Тетеньку-дворника с резвой метлой,
что подметает культурный слой.
Куклу, лишенную глаз и волос,
автомобиль без стекла и колес.

Дикую вишню на склоне лет,
барышню литературных сред.
Тени скамеек и, наконец,
облако пара какой-то ТЭЦ.


 Фаталистическое

"...За три зимы до тридцати".
Д. Филиппов


От себя все дороги прямы,
но напрасны – такие здесь нравы.
Вот и мне уже за три зимы
до известной тебе переправы.

До тоски, разевающей пасть,
полтора с половиной шага.
Чтобы путь этот как-то допрясть
не нужна ни боязнь, ни отвага.

Ни гаданья по левой руке – 
упражненье оккультного дела.
Ни земные дела при Луне,
что есть физика мягкого тела.

Будь хоть девушкой в парке с веслом
или кровь с молоком девица,
обрастание круглым числом – 
то не мудрость, как часто мнится,

а единственно "Горе уму" – 
в расставаниях и раздумьях.
И не нужен никто никому.
А любовь – только форма безумия.

Потому не хочу перемен,
не хочу ни тепла, ни стужи.
Если что и прошу взамен – 
сделать так, чтобы не было хуже.


 * * *

Сама по себе – ни тебе чета,
ей все наперед ходы
известны.

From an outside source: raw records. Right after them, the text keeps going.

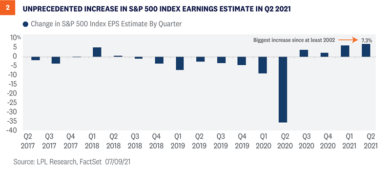 Also consider that the consensus S&P 500 earnings estimate for the second quarter increased more than 7% during the quarter—the most ever recorded since FactSet began tracking that statistic in 2002 [Figure 2]. Putting this into perspective, over the past 15 years this statistic has averaged a 5% decline. Pushing those estimates higher were 66 S&P 500 companies that raised guidance for the second quarter, the most since FactSet began tracking that metric in 2006. Earnings estimates for the energy, financials, and materials sectors saw the biggest positive revisions.
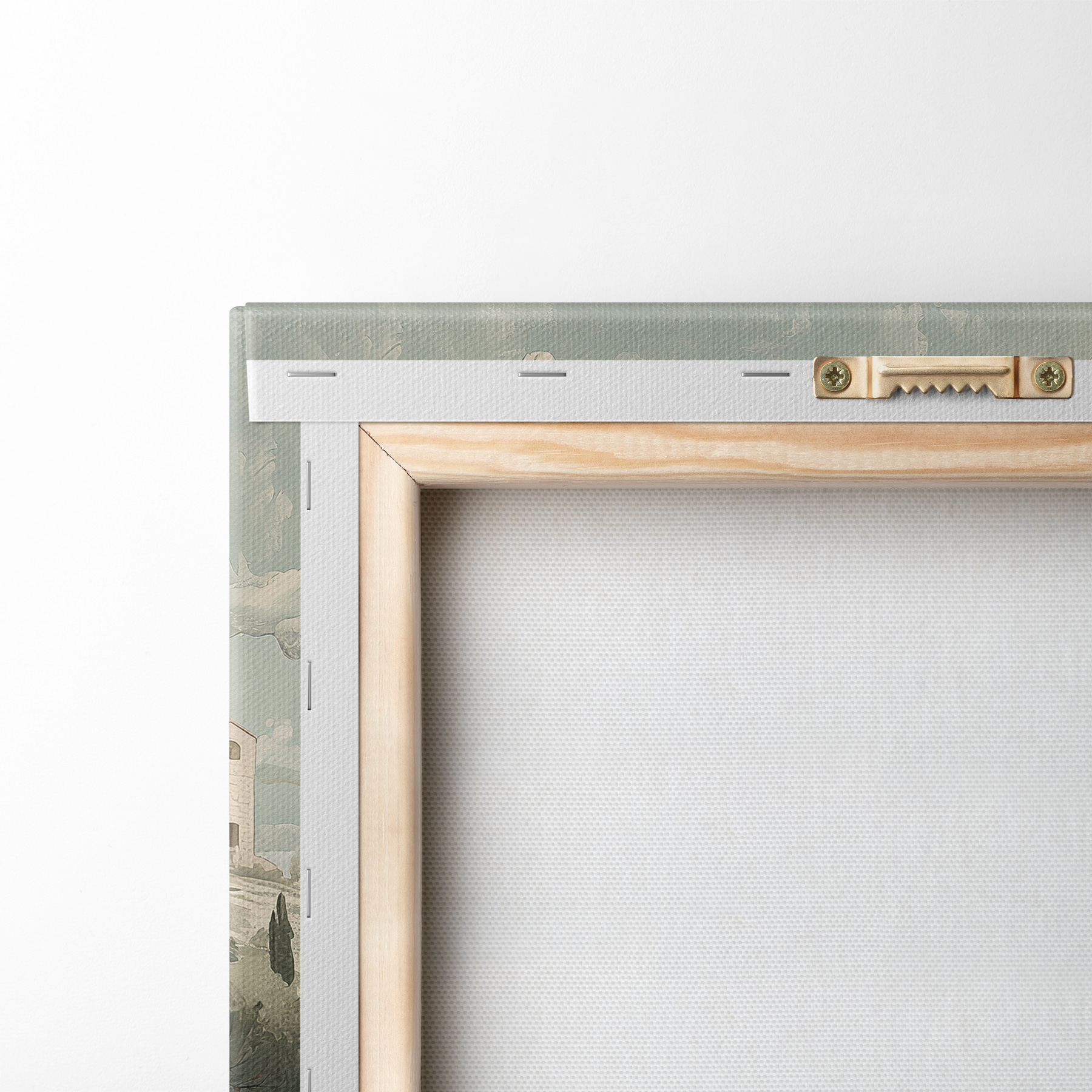 Um die Leinwand auf Keilrahmen zu spannen, ohne das Bild zu beschädigen, verwenden wir ein gespiegeltes Bild.
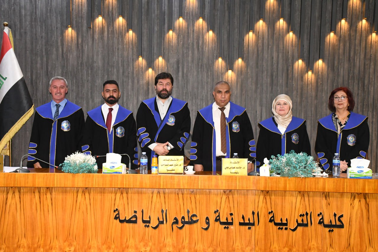 ترأسَ الأستاذ الدكتور جاسم عباس علي لجنة مناقشة رسالة طالب الماجستير ( جهاد كرم علي ) الموسومة ( المناخ النفسي وعلاقته بتماسك الجماعة للاعبي شباب الدوري الممتاز بكرة القدم ) وذلك في تمام الساعة التاسعة من صباح يوم الثلاثاء الموافق 3 / 9 / 2024 وعلى قاعة مناقشات كلية التربية البدنية وعلوم الرياضة في جامعة بغداد ، حيث تكونت لجنة المناقشة من اسماء السادة ادناه :-
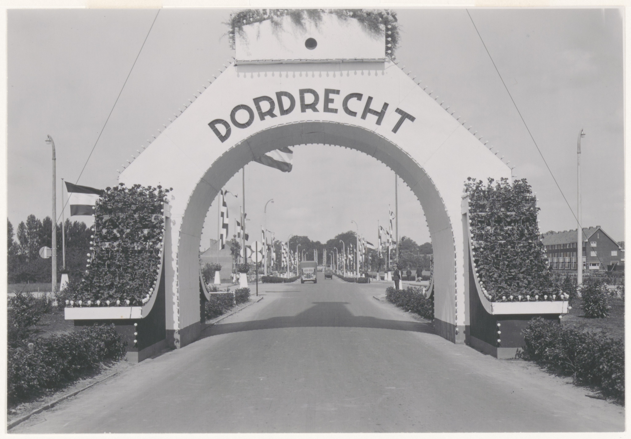 - Een zuil met de woorden Scheepvaart en Industrie op het Hugo de Grootplein, daar neergezet ter gelegenheid van de feestelijke openstelling van de verkeersbrug over de Oude Maas op 24 juni 1939.
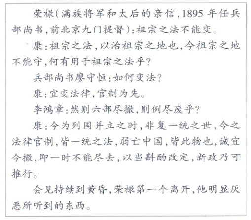 材料:1898年1月24日,康有为第一次正式宣传自己的观点,如他自己所述,会见的精彩部分包含如下对话:

Уйдет, не сказав ни черта,
простынут ее следы.

Любые табу для нее пустяк,
привычная жизнь вранье.
Она марширует, и вьется стяг – 
сквозняк в голове ее.

А ты – то ли муж, то ли просто так,
отправленный в закрома.
Ей мало всегда, что один простак
сходит по ней с ума.

Что ищет ее виноватый взгляд,
гадая: сегодня кто?
Конечно, она не со всеми подряд
вешает в шкаф пальто.

Она – где душевнее ей поют,
и знает про то Господь – 
в края приключений, в иной уют
мчится не только плоть.

Но, честное слово, мне жаль врага,
встающего в те ряды.
Любые затопит она берега
и хватит ее воды.

И даже кольцо на ее руке
не рушит привычный строй.
А то, что ей слаще в чужой строке
не видит только слепой.


 Тост

За ноябрьское снежное крошево,
за случайного ночного прохожего.
За напрасные по мукам хождения,
за прошедшие мои дни рождения.

За бесшумные картины Чюрлениса,
за шуршание дождя по лесу.
За бесплатное синицыно пение,
за собранье сочинений Есенина.

За иные безмятежные хлопоты,
за Монтеня, за его "Опыты".
За теорию простой абсолютности,
за твое высокомерие юности.

За надетое пальто в спешности,
за излишние в прощаниях нежности.
За любовь, как бы то ни было пафосно,
за величие чужих замыслов.

За попытку приукрасить мгновение,
за фантазии, мечты, вдохновения.
За белесо-безымянное облако,
за счастливого под ним отрока.


 Библиотечное

Здесь не услышишь с улицы крики,
и не узреешь иного обмана:
времени года – все та же картина.
Окна завешены тонкой гардиной,
в складках барочных оттенка тумана.
Свет разливается в ритме романа,
а тишину нарушают блики,
мысли о книгах и сами книги.


 * * *
		Мише Малину

А что я, собственно, знаю? 
	Родился, вырос,
в школе учился как все – 
	получал отметки.
Жил у Невы, где топили камин, 
	и сырость
там растворялась в тепле, 
	как во рту таблетки.

Разные люди в те двери 
	бывали вхожи,
кто на минуту – 
	обычно сидел часами.
Он принимал безучастно 
	еще в прихожей – 
с бледной афиши 
	косыми взирал глазами.

Юной девицею взятый 
	от всех на поруки,
стал обладателем шкафа 
	ночных рубашек.
Пил, и запои его 
	сочетали звуки
соло-гитары 
	и битых сервизных чашек.

То богател, то нищал – 
	был ограблен трижды.
Тайно любя и кляня 
	коридоры ОВИРа,
думал: еще доживу; 
	а ведь вот, поди ж ты...
Нет в жизни счастья. 
	Так мама ему говорила.


Четыре строчки Сергею Николаеву

Мой друг, дышите оптимизмом,
и чувством юмора дышите.
И, умоляю, – не пишите
стихи, отравленные смыслом.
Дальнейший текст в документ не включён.